The Uvalde massacre began after the 18-year-old gunman entered the school through a door that could only be locked from the outside and then entered a classroom that had a broken lock, experts testified Tuesday.
Securing doors has long been a focus of school safety drills, and the failure to do so during the May 24 attack that left 19 children and two teachers dead runs counter to best practice, experts said.
When the doors are not secure, “your first step, your first line of defense has already been removed, it has really been taken away from you,” said Ken Trump, president of the National School Safety and Security Services.
Questions about how the shooter got into Robb Elementary and what happened at various doors have been a big part of the changing information about the attack.
WHAT HAPPENED WHEN THE GUNMAN ARRIVED AT THE OUTER DOOR?
State police initially said the gunman entered the school through an exterior door that had been opened by a teacher.
Days later, state police retracted that statement to make it clear that the teacher locked the door. But somehow it didn’t crash.
Nearly a month after the rampage, Colonel Steve McCraw, director of the Texas Department of Public Safety, further modified what his agency’s investigation shows: The teacher closed the door, but unbeknownst to her, it could only be closed from outside.
The gunman “walked right in,” McCraw said Tuesday in searing testimony at a state Senate hearing in Austin.
Ronald Stephens, executive director of the National Center for School Safety, said he was “amazed” that the outer door could only be locked from the outside.
“I’m trying to think if I’ve ever seen that. It’s so rare that that’s the case. Why wouldn’t there be an opportunity to close it from the inside?
He compared it to a house that could only be locked from the outside.
“Shouldn’t school security be just as secure as home security?” he asked. “In my opinion, only being able to block from the outside is totally unacceptable.”
The experts did not explain during the hearing why the outer door of the school was closed from the outside. Robb Elementary is an older building, built in 1955.
WHAT HAPPENED WHEN THE GUNMAN ARRIVED AT THE CLASSROOM DOOR?

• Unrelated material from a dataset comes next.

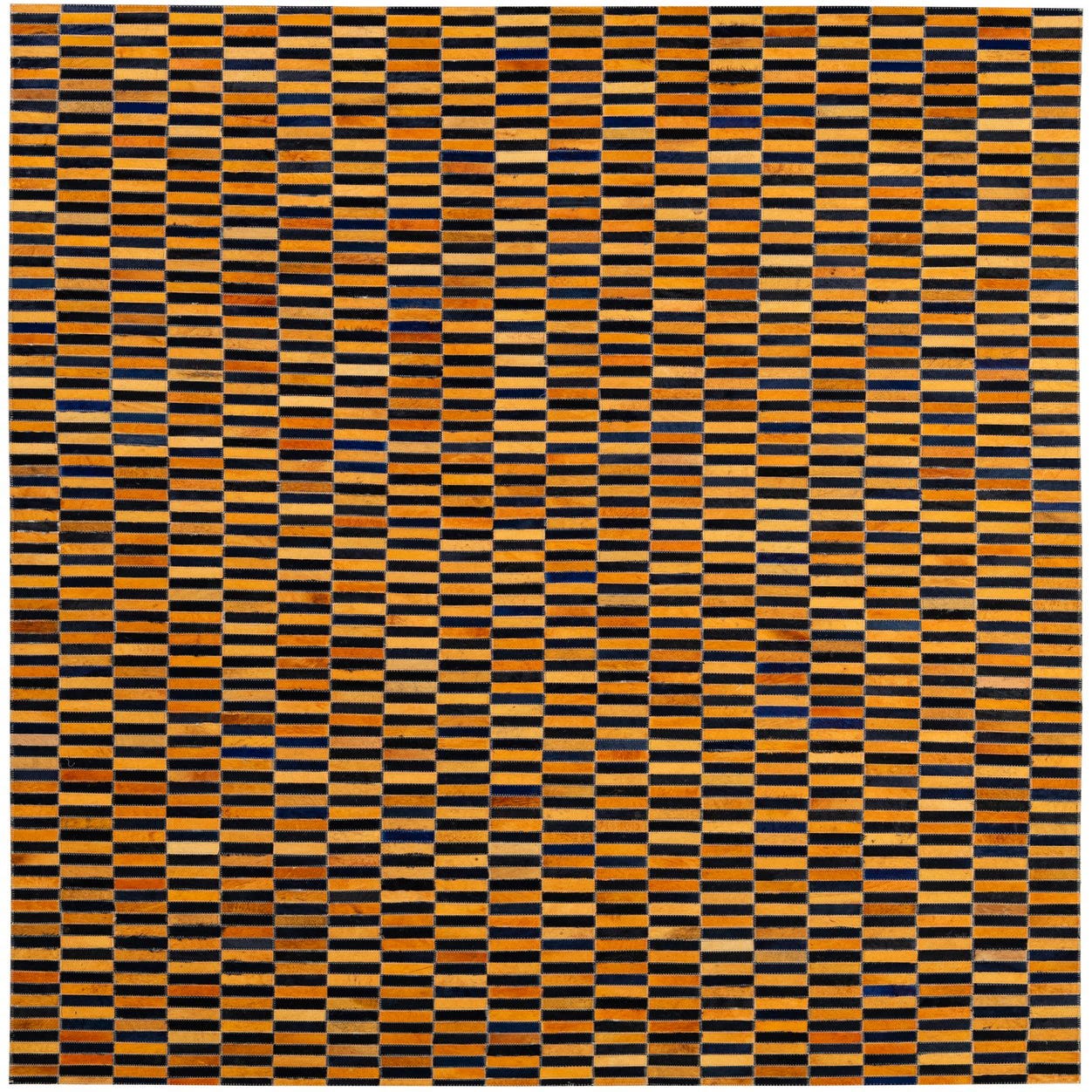 Primary color is Yellow. Colors in this rug include: Yellow, Navy Blue.

Once inside the school, the shooter entered a classroom with a door that couldn’t be locked from the inside by design, according to McCraw, who also said a teacher reported before the shooting that the lock was broken.

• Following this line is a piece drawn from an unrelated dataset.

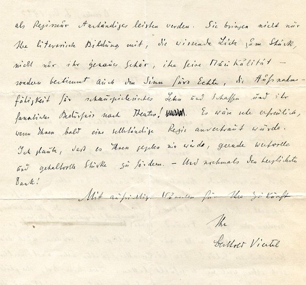 Large 4to. 1½ pp. To the writer Alfred Golfar. - Strong traces of folding, otherwise well preserved.

The fact that it didn’t work was a maintenance issue, Stephens and Trump said.
“That’s about how you responsibly manage and maintain school property,” Stephens said.

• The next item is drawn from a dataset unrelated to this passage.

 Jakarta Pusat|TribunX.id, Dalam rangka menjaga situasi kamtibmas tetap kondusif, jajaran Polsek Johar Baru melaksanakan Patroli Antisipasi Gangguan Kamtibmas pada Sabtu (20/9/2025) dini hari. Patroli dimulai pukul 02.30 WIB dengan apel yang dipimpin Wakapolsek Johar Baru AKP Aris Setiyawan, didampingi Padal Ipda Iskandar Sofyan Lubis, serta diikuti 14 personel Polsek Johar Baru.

McCraw also revealed Tuesday that even though the door was open, there is no indication that officers tried to open it during the standoff. He said police instead waited for a key.
Stephens said the way the situation unfolded spoke to the broader need to have a crisis plan.
“To me, there’s a whole cascade of apparent failures that occurred in this particular situation,” he said. “It’s a wake-up call for everyone across the United States.”
HAVE THERE BEEN PROBLEMS?
At Sandy Hook Elementary School, the doors to the two classrooms where the 20 children were killed in the 2012 massacre, along with their teachers, could only be locked from the hallway.
Families of some victims have said lives could have been saved if teachers had been able to lock classroom doors from the inside, and questioned whether two teachers killed in the shooting, Victoria Soto and Lauren Rousseau, had access to keys.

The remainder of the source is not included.